COLLECTED DATA Start Marker

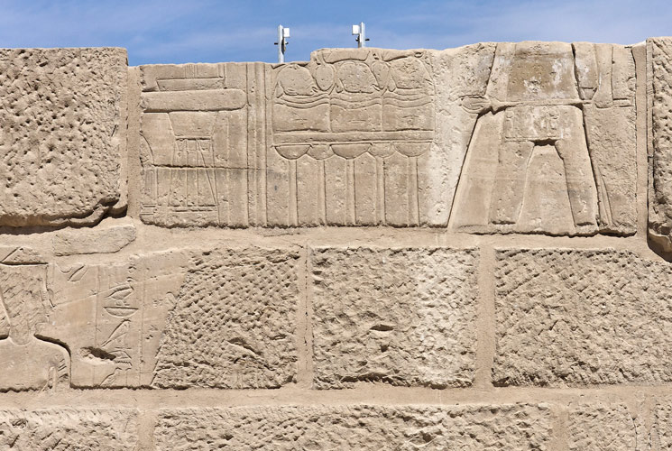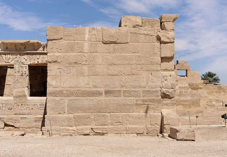 Le mur Sud de cette salle contient de nombreux blocs provenant du Ramesseum et de son Mammisi.
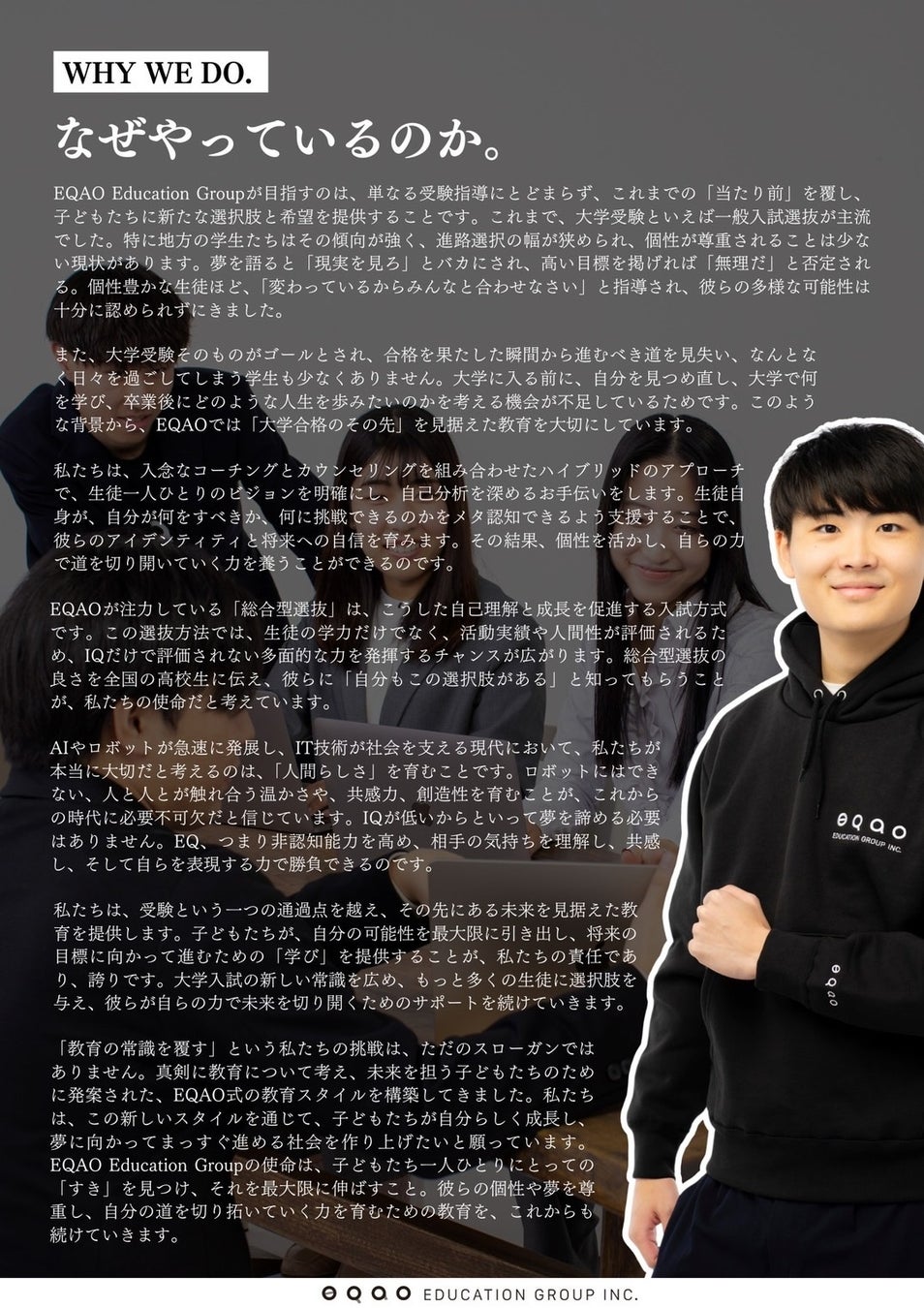 EQAO Education Groupは、「教育の常識を覆す」ことを目指し、子どもたちに新たな選択肢と希望を提供する教育機関です。従来の大学受験が一般入試選抜に偏る中で、個性豊かな生徒が自分らしく進む機会が限られ、地方ではその傾向が強く見られます。私たちは、大学合格をゴールとせず、その先の未来を見据えた教育を大切にし、生徒が自分のビジョンを明確にし、自信を持って進む力を育てます。
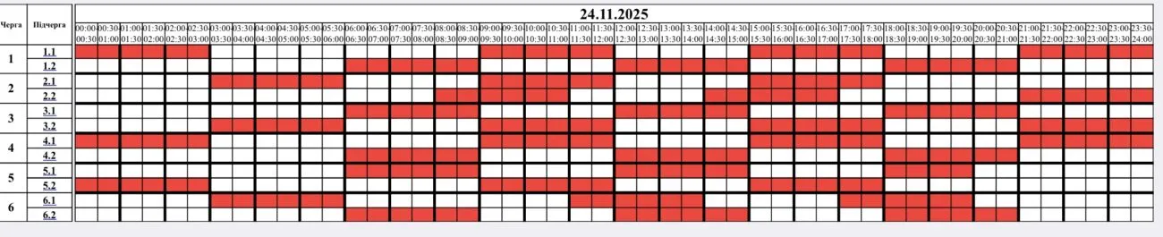 Цілу добу — з 00:00 до 24:00 працюватимуть графіки погодинних відключень (ГПВ).
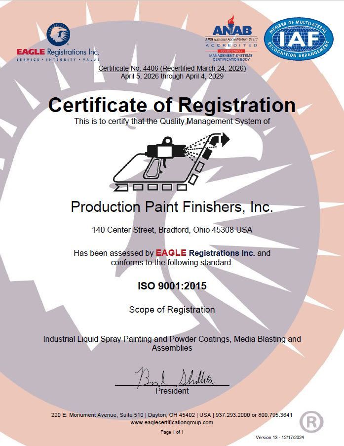 PPF, Inc. is certified for all powder coating, liquid coating, sandblasting, military (CARC) and commercial projects. Our ISO 9001:2015 certification demonstrates our ability to consistently provide liquid coating, powder coating, military (CARC), sandblasting services and more in a manner that consistently meets our customer and applicable statutory and regulatory requirements. Furthermore, Production Paint Finishers aims to enhance customer satisfaction through the effective application of the system, including processes for continual improvement of the system, and the assurance of conformity to customer and applicable statutory and regulatory requirements.

COLLECTED DATA End Marker

**TASK TO CARRY OUT**
Give an exact copy of the listing above that leaves out every picture.

**RESPONSE AREA**
 Le mur Sud de cette salle contient de nombreux blocs provenant du Ramesseum et de son Mammisi.
 EQAO Education Groupは、「教育の常識を覆す」ことを目指し、子どもたちに新たな選択肢と希望を提供する教育機関です。従来の大学受験が一般入試選抜に偏る中で、個性豊かな生徒が自分らしく進む機会が限られ、地方ではその傾向が強く見られます。私たちは、大学合格をゴールとせず、その先の未来を見据えた教育を大切にし、生徒が自分のビジョンを明確にし、自信を持って進む力を育てます。
 Цілу добу — з 00:00 до 24:00 працюватимуть графіки погодинних відключень (ГПВ).
 PPF, Inc. is certified for all powder coating, liquid coating, sandblasting, military (CARC) and commercial projects. Our ISO 9001:2015 certification demonstrates our ability to consistently provide liquid coating, powder coating, military (CARC), sandblasting services and more in a manner that consistently meets our customer and applicable statutory and regulatory requirements. Furthermore, Production Paint Finishers aims to enhance customer satisfaction through the effective application of the system, including processes for continual improvement of the system, and the assurance of conformity to customer and applicable statutory and regulatory requirements.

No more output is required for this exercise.